- _Data block_:
::::::::::

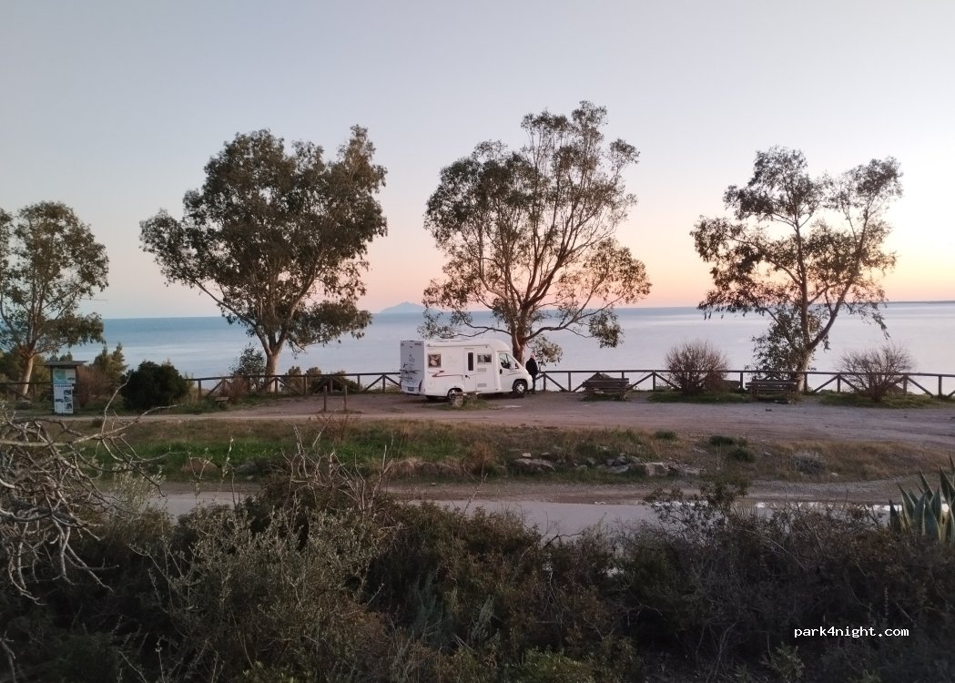 Guter Platz mit Picknickbänken, Aussicht und Schatten. 2 Wege (20 min, 80 Hhm) führen zu Stränden, daher wird der Platz tagsüber auch von vielen PKW genutzt. Nachts teilweise sehr laut, direkt an der am Wochenende gut befahrenen Straße gelegen. Leider ist der Platz sehr zugemüllt (inkl. anderer/stinkender Hinterlassenschaften).
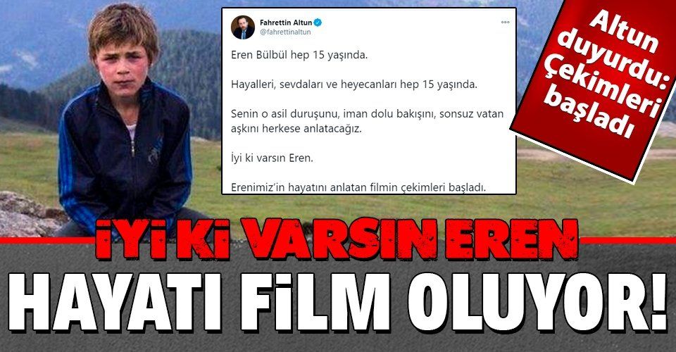Eren Bülbül'ün hayatını anlatan filmin başladığını bildiren Altun, "Eren Bülbül hep 15 yaşında. Hayalleri, sevdaları ve heyecanları hep 15 yaşında. Senin o asil duruşunu, iman dolu bakışını, sonsuz vatan aşkını herkese anlatacağız. İyi ki varsın Eren. Erenimiz'in hayatını anlatan filmin çekimleri başladı" ifadelerini kullandı.
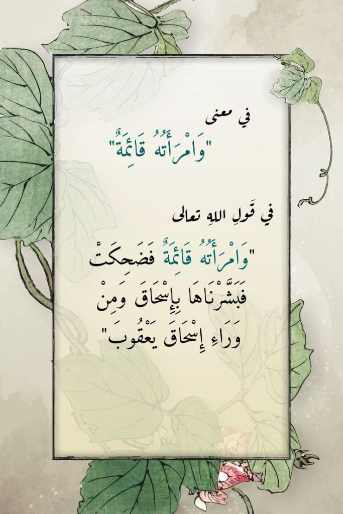 نقرأُ في سورةِ هود، وفي الآياتِ الكريمةِ 69- 71 منها، قَولَ اللهِ تعالى: (وَلَقَدْ جَاءَتْ رُسُلُنَا إِبْرَاهِيمَ بِالْبُشْرَى قَالُوا سَلَامًا قَالَ سَلَامٌ فَمَا لَبِثَ أَنْ جَاءَ بِعِجْلٍ حَنِيذٍ. فَلَمَّا رَأَى أَيْدِيَهُمْ لَا تَصِلُ إِلَيْهِ نَكِرَهُمْ وَأَوْجَسَ مِنْهُمْ خِيفَةً قَالُوا لَا تَخَفْ إِنَّا أُرْسِلْنَا إِلَى قَوْمِ لُوطٍ. وَامْرَأَتُهُ قَائِمَةٌ فَضَحِكَتْ فَبَشَّرْنَاهَا بِإِسْحَاقَ وَمِنْ وَرَاءِ إِسْحَاقَ يَعْقُوبَ). فما هو معنى “وَامْرَأَتُهُ قَائِمَةٌ” في قَولِ اللهِ تعالى هذا؟
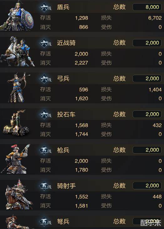 2、盾兵和攻城车都是防御兵种,出征的时候带其中一种即可,不然会分散防御力量,导致损失上升

::::::::::

- _What the task requires_: Excluding images, output exactly the lines from the one that holds "Eren Bülbül'ün hayatını" through the final line of the material, both ends included.

- _The completed task_:
Eren Bülbül'ün hayatını anlatan filmin başladığını bildiren Altun, "Eren Bülbül hep 15 yaşında. Hayalleri, sevdaları ve heyecanları hep 15 yaşında. Senin o asil duruşunu, iman dolu bakışını, sonsuz vatan aşkını herkese anlatacağız. İyi ki varsın Eren. Erenimiz'in hayatını anlatan filmin çekimleri başladı" ifadelerini kullandı.
 نقرأُ في سورةِ هود، وفي الآياتِ الكريمةِ 69- 71 منها، قَولَ اللهِ تعالى: (وَلَقَدْ جَاءَتْ رُسُلُنَا إِبْرَاهِيمَ بِالْبُشْرَى قَالُوا سَلَامًا قَالَ سَلَامٌ فَمَا لَبِثَ أَنْ جَاءَ بِعِجْلٍ حَنِيذٍ. فَلَمَّا رَأَى أَيْدِيَهُمْ لَا تَصِلُ إِلَيْهِ نَكِرَهُمْ وَأَوْجَسَ مِنْهُمْ خِيفَةً قَالُوا لَا تَخَفْ إِنَّا أُرْسِلْنَا إِلَى قَوْمِ لُوطٍ. وَامْرَأَتُهُ قَائِمَةٌ فَضَحِكَتْ فَبَشَّرْنَاهَا بِإِسْحَاقَ وَمِنْ وَرَاءِ إِسْحَاقَ يَعْقُوبَ). فما هو معنى “وَامْرَأَتُهُ قَائِمَةٌ” في قَولِ اللهِ تعالى هذا؟
 2、盾兵和攻城车都是防御兵种,出征的时候带其中一种即可,不然会分散防御力量,导致损失上升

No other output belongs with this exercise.